Brian "Doc" Dougherty (born December 10, 1973) is a retired Hall of Fame American lacrosse goaltender.  He attended The Episcopal Academy before attending University of Maryland. He is currently the head coach at Springside Chestnut Hill Academy.

Overview
Dougherty is one of the most decorated and accomplished goaltenders in the history of lacrosse. He is a three-time recipient of the Major League Lacrosse Goaltender of the Year Award, and was awarded the Ensign C. Markland Kelly, Jr.
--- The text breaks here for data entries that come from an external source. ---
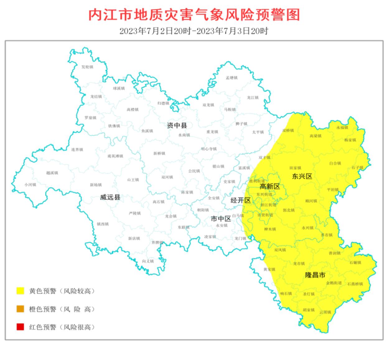 时间:2023-07-02 19:38:29 来源:内江市地质灾害指挥部办公室7月2日17时, 内江市地质灾害指挥部办公室发布地质灾害气象风险预警结果,详情如下: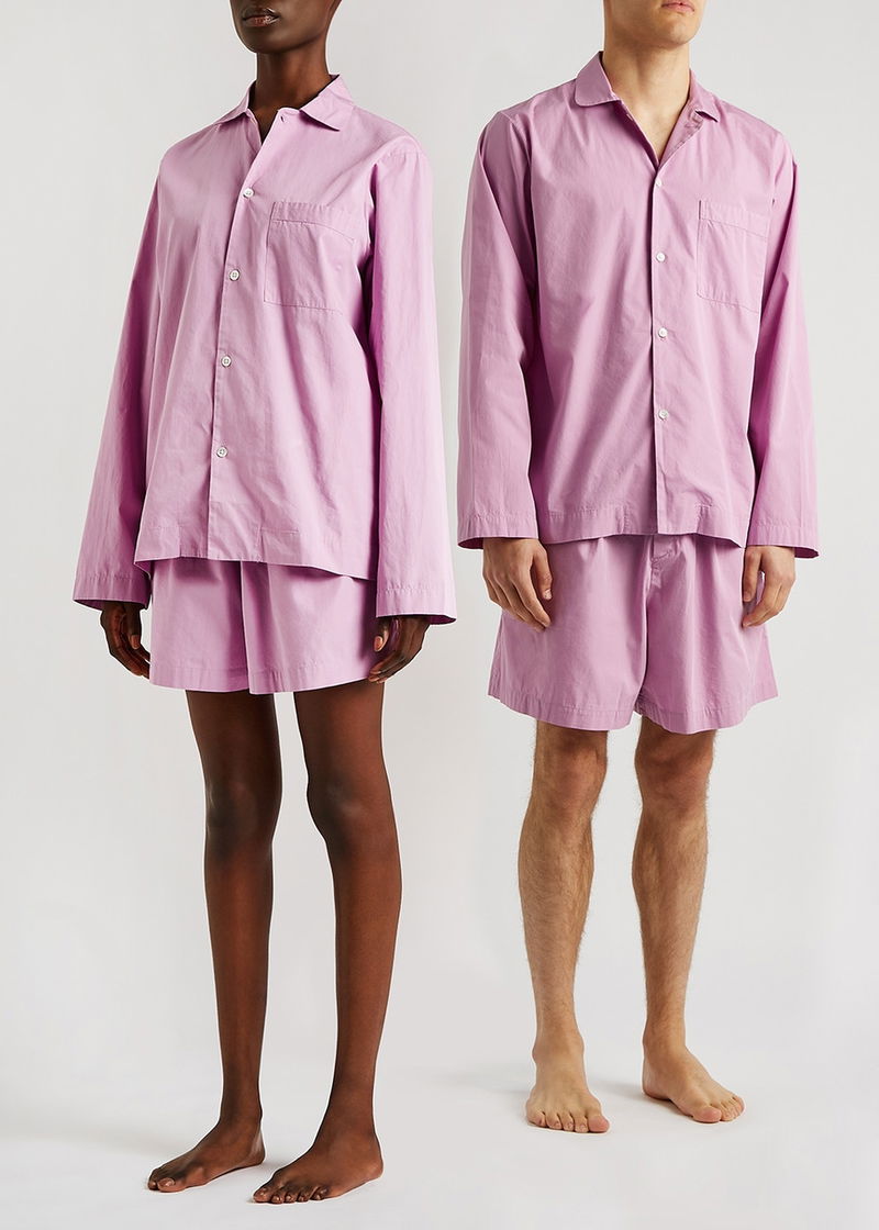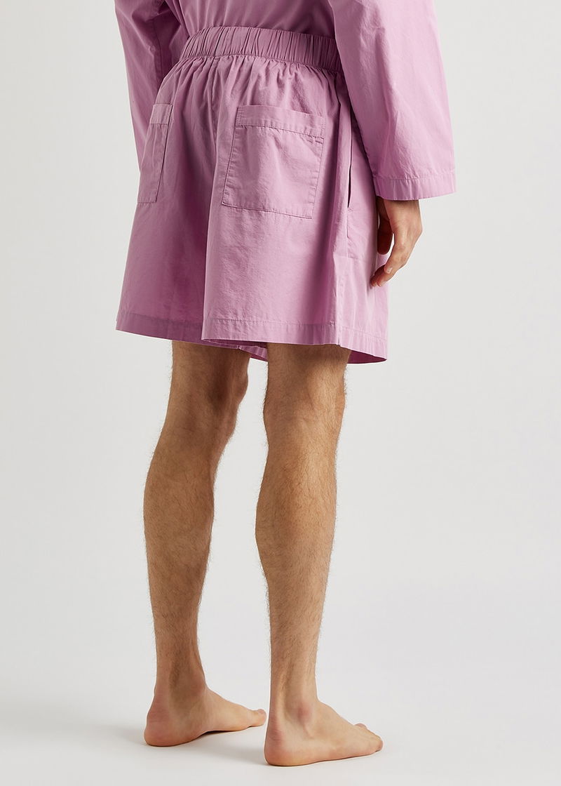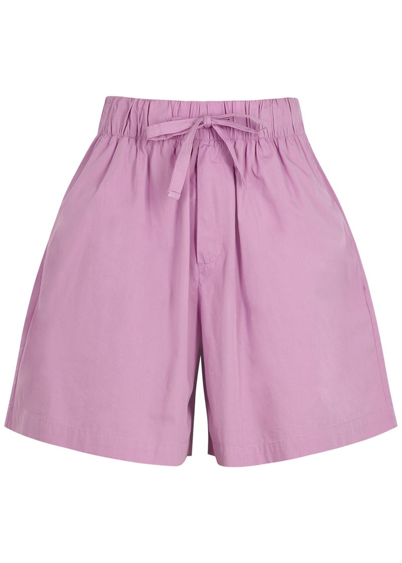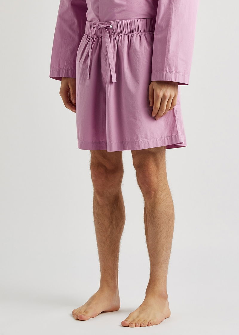 Tekla cotton-poplin pyjama shorts. Elasticated drawstring waist concealed button-fastening fly two side slip pockets two back patch pockets. Pull on.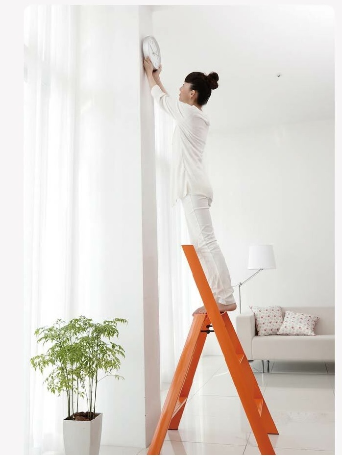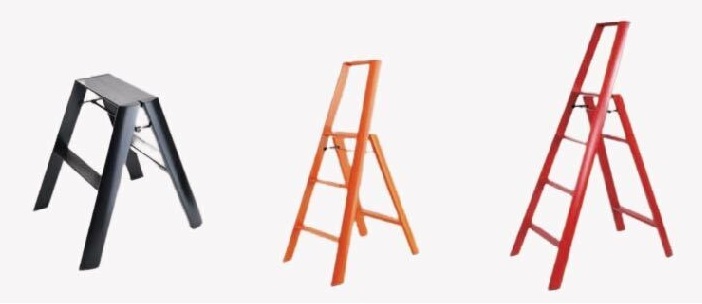 When opened, they can very well be the stool you sit on to tie your shoes, or the extra chair needed at a meeting. Place a plank in between two step stools to make shelves, a table or a shop’s display. Not using it at the moment? Just leave it standing folded.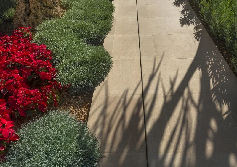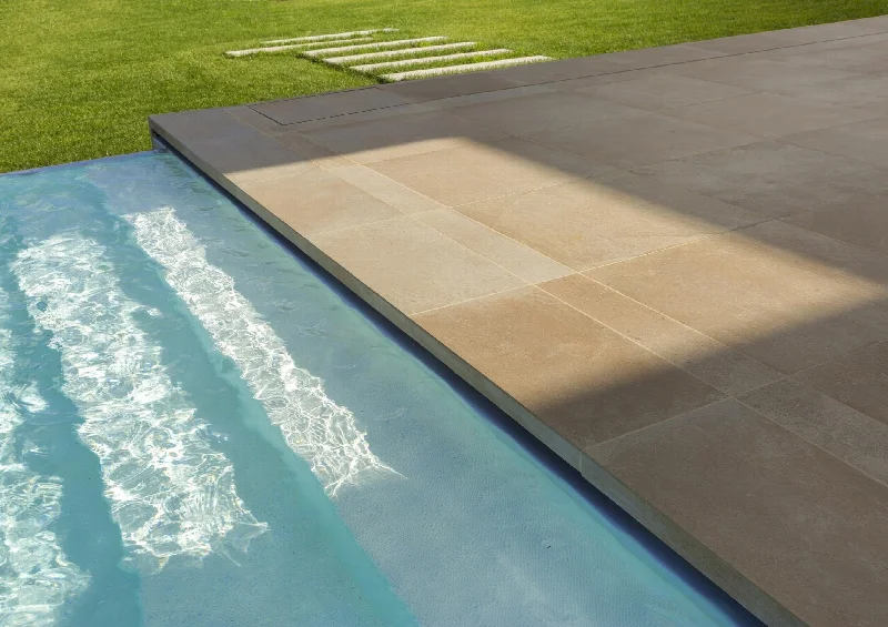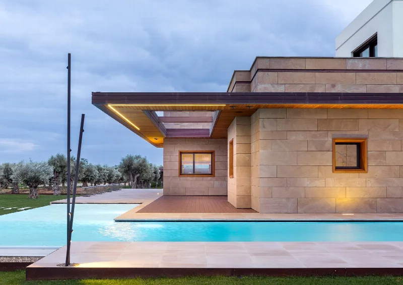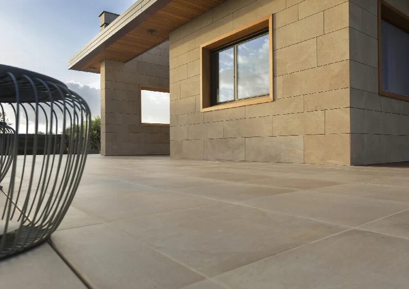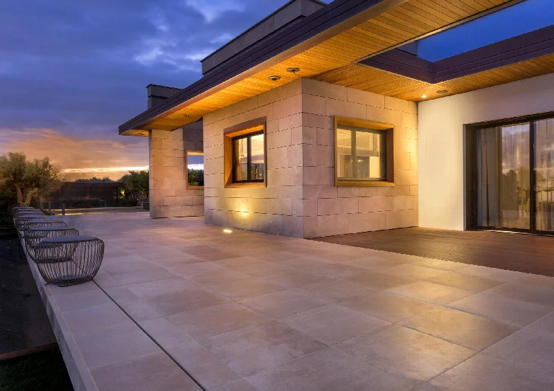 На уровне земли появилась еще одна важная деталь — приподнятая платформа, парящая над ландшафтом. Для ее облицовки был выбран керамогранит Pietre Native Baugé Beige от Casalgrande Padana. Плиты размером 60×60 см с характерной текстурой повторили не только эстетику натурального камня, но и его главное для этого места качество — исключительную стойкость к соли. Этот же материал, уложенный насухо на гравийное основание с использованием вентилируемых опор, был применен для террас и крыши, создав материальное единство всех горизонтальных плоскостей.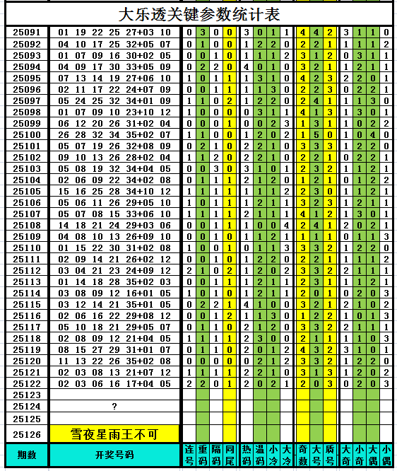 以下是作者手工统计的大乐透关键参数统计表,对喜欢参数分析、过滤缩水、选号胆杀的技术性大乐透爱好者有所帮助,其它读者可略过不看。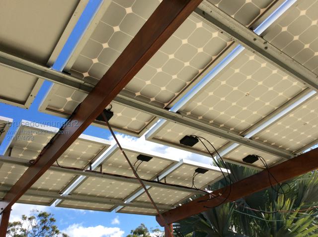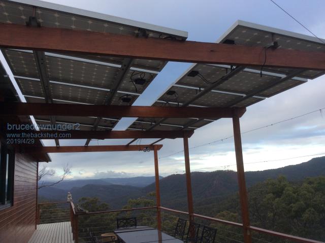 Thanks for the replies. About the gap between the panels or "overlapping " as Ralph asked. We used to have grapevine growing where the panels are now . Only trouble with that was the possums at night and then the python snakes used to make a home in the vines waiting for a meal !!. Apart from the droppings mess from the multitude of different bird life ,it's a good area to have a lunch time BBQ with friends. So, no overlapping ,another reason was the afternoon sun ,being in a low angle ,I had to raise the upside panel to prevent shading =still get a 50 mm or so shading very late in the afternoons I guess that doesn't matter. the 100mm copper water tube used as a riser prevents the accumulation of water plus the shadow sort of goes under ,not over the adjacent panel. This pic is early ,when I started to install them . Bruce Bushboy |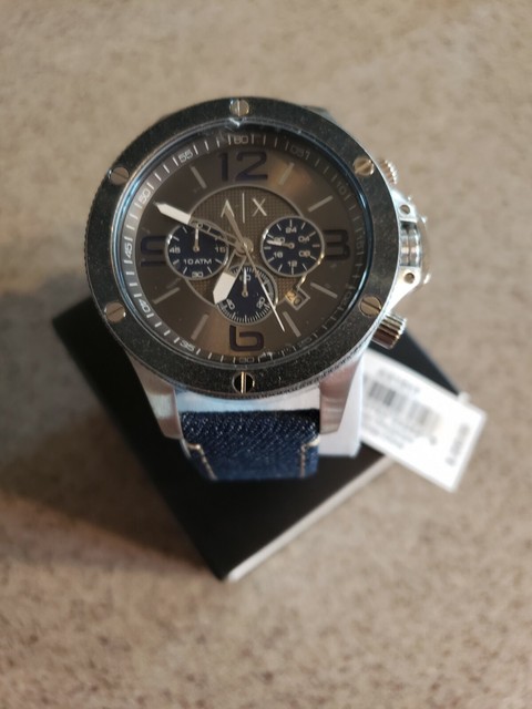 ARMANI AX 1517 牛仔布真皮錶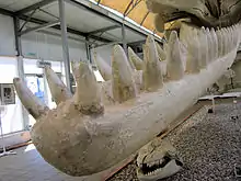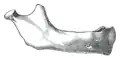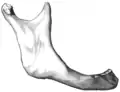 الشكل 5: فك سفلي لمضغة بشرية بطول 95 مم.، منظر خارجي. تبدو نوى الغضروف مرقطة.
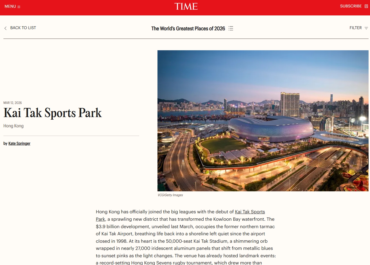 大公文匯全媒體報道,啟德體育園獲《時代雜誌》選為「全球最佳勝地」之一,成為榜單中唯一入選的香港景點。《時代雜誌》形容啟德體育園為機場關閉後的沉寂海岸線注入活力,過去舉辦多場運動和娛樂活動,進一步鞏固香港作為體育和娛樂中心的地位。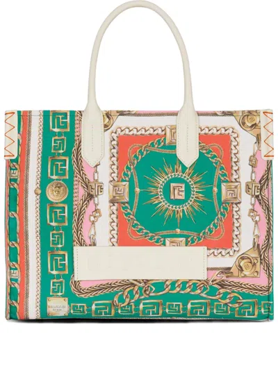 BALMAIN B-army Medium Tote Bag In Printed Canvas In Multi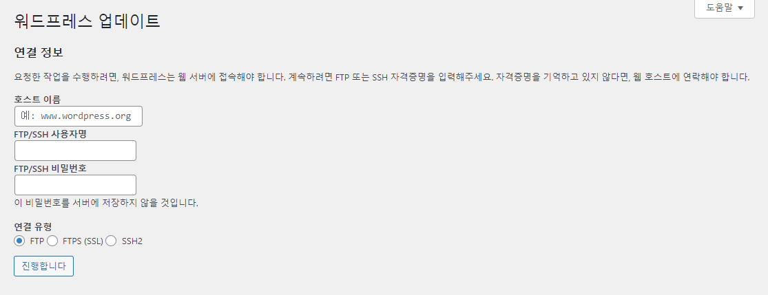 워드프레스 업데이트, 플러그인 설치시 FTP 계정 묻지 않도록 설정하기
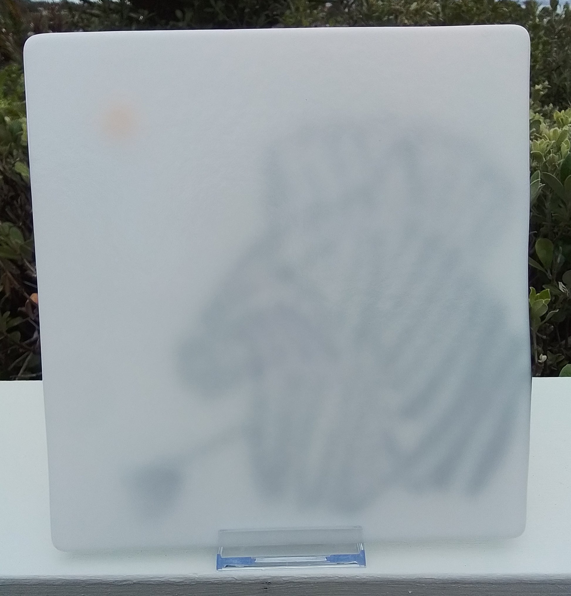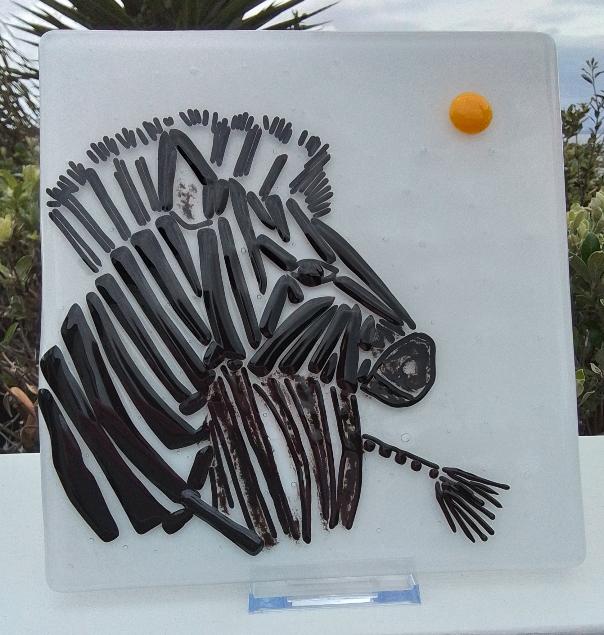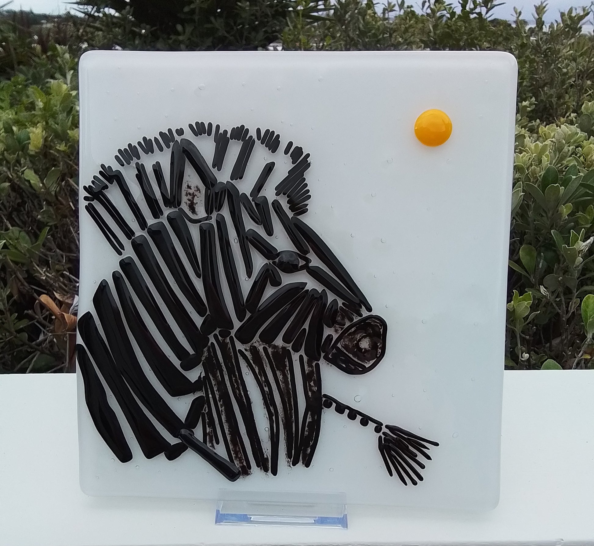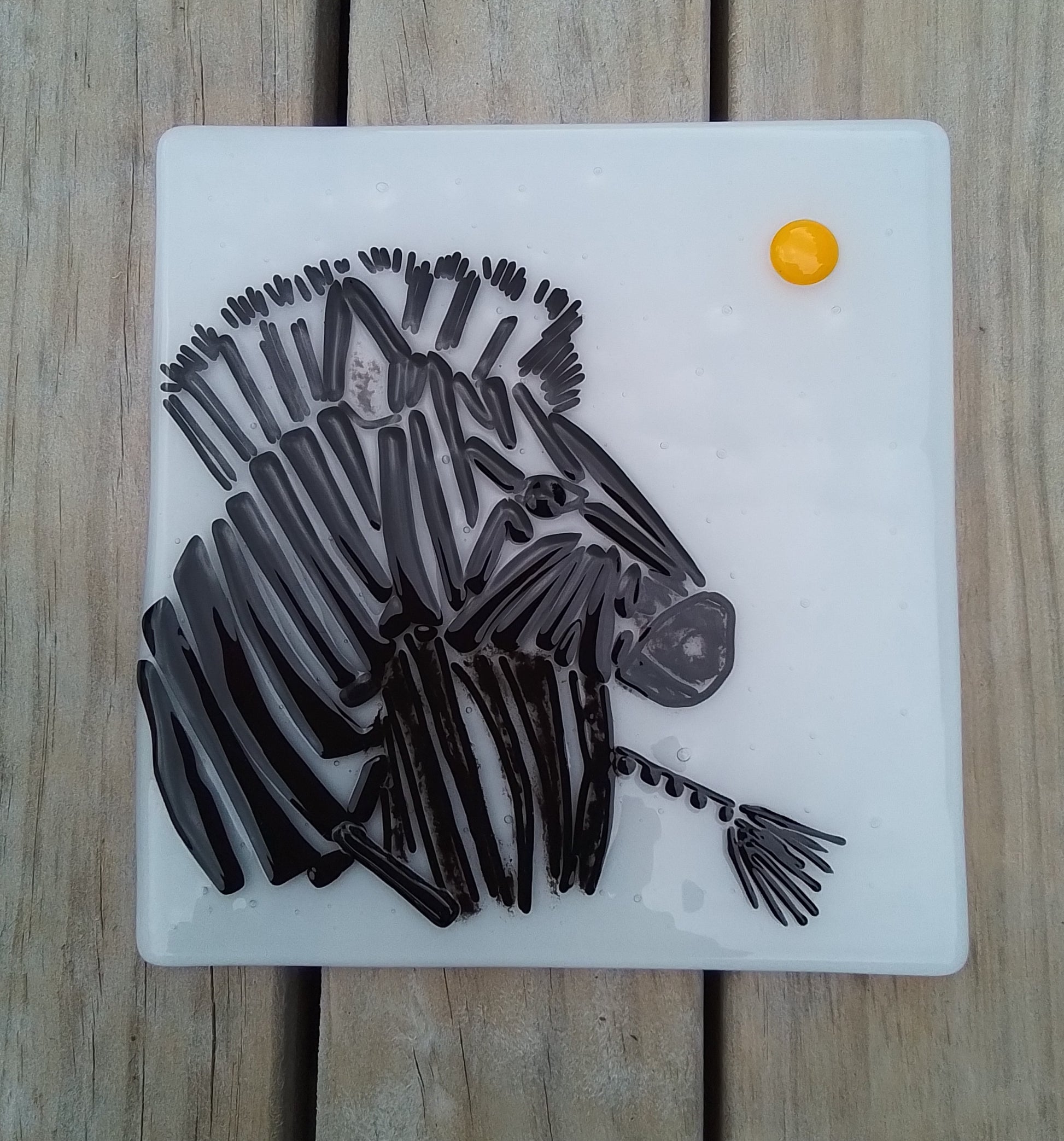 Black Zebra outline on a white background, with a pop of yellow from the sun. Fused Glass Art made in New Zealand.

Award in back to back years in as the NCAA Goaltender of the Year.

In 1995, with the Terrapins, Dougherty was named the NCAA tournament MVP. Dougherty was selected to the National Lacrosse Hall of Fame in 2012.

MLL career
Dougherty played with the Philadelphia Barrage from 2005 to 2008, played with the Long Island Lizards from 2003 to 2004 and Rochester Rattlers from 2001 to 2002.

Dougherty has been part of three Steinfeld Cup Championship teams: the Long Island Lizards in 2001, the Philadelphia Barrage in 2006, and again in 2007.  He has appeared in many Major League Lacrosse All-Star Games 

He was also the starting goalie for 1998 United States Lacrosse team that won the World Lacrosse Championship.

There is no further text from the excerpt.